DATA RECORDS:
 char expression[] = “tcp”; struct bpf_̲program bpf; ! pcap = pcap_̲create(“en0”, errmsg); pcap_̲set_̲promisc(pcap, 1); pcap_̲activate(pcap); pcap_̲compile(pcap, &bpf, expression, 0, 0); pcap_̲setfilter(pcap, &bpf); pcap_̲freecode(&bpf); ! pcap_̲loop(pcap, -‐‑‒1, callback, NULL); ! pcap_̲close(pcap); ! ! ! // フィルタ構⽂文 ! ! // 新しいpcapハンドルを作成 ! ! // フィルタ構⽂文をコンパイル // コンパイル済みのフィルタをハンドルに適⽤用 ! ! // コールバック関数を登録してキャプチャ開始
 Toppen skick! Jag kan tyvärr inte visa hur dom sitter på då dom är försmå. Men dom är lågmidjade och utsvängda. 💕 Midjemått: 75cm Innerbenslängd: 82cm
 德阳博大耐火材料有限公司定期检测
--
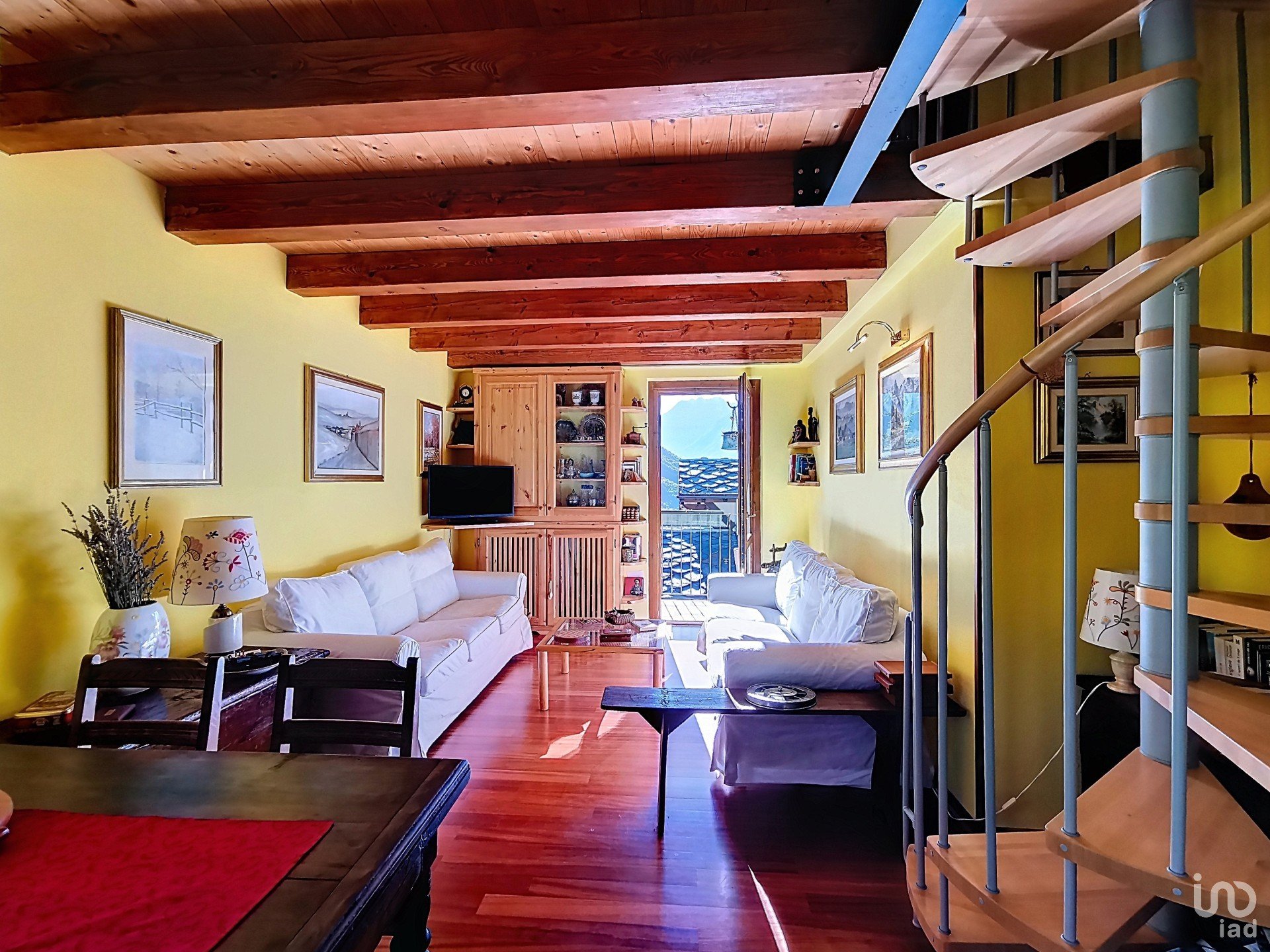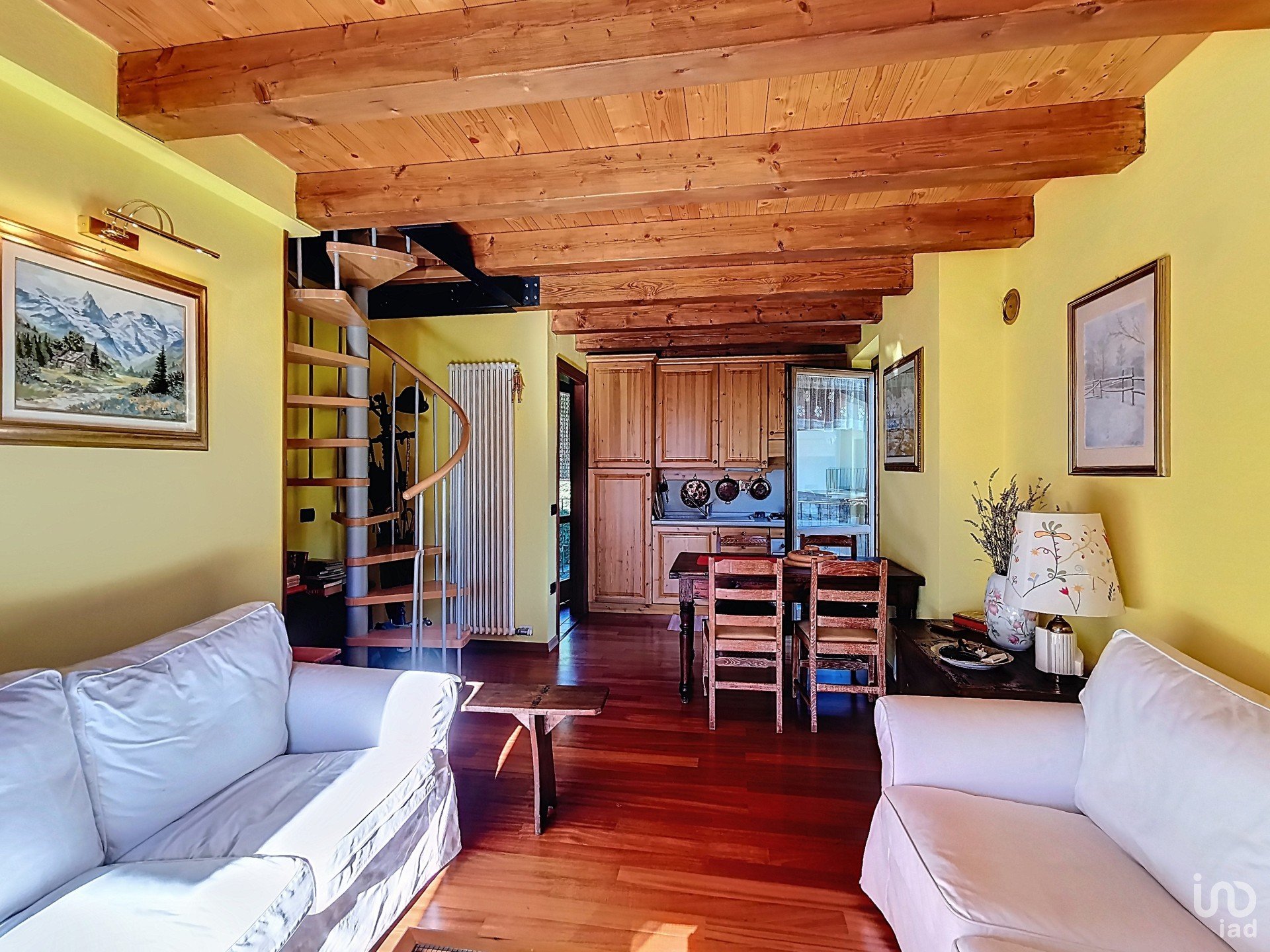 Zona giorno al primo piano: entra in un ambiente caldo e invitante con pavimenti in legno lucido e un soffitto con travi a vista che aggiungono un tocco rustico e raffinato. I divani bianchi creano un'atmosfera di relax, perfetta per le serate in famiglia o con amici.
...
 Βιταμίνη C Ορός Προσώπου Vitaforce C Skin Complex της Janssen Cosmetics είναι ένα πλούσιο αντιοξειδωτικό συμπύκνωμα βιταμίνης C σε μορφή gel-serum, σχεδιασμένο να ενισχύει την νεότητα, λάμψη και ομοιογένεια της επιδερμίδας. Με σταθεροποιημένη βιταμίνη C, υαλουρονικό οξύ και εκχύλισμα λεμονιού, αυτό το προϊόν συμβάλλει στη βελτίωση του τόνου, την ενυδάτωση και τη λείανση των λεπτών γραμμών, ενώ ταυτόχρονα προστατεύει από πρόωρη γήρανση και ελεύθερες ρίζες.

THE PROBLEM: Reproduce exactly the stretch of the material above that starts at the line with "コンパイル済みのフィルタをハンドルに適⽤用 ! ! // コールバック関数を登録してキャプチャ開始" and ends at the line with "德阳博大耐火材料有限公司定期检测", both included, and nothing else.

YOUR RESPONSE:
 char expression[] = “tcp”; struct bpf_̲program bpf; ! pcap = pcap_̲create(“en0”, errmsg); pcap_̲set_̲promisc(pcap, 1); pcap_̲activate(pcap); pcap_̲compile(pcap, &bpf, expression, 0, 0); pcap_̲setfilter(pcap, &bpf); pcap_̲freecode(&bpf); ! pcap_̲loop(pcap, -‐‑‒1, callback, NULL); ! pcap_̲close(pcap); ! ! ! // フィルタ構⽂文 ! ! // 新しいpcapハンドルを作成 ! ! // フィルタ構⽂文をコンパイル // コンパイル済みのフィルタをハンドルに適⽤用 ! ! // コールバック関数を登録してキャプチャ開始
 Toppen skick! Jag kan tyvärr inte visa hur dom sitter på då dom är försmå. Men dom är lågmidjade och utsvängda. 💕 Midjemått: 75cm Innerbenslängd: 82cm
 德阳博大耐火材料有限公司定期检测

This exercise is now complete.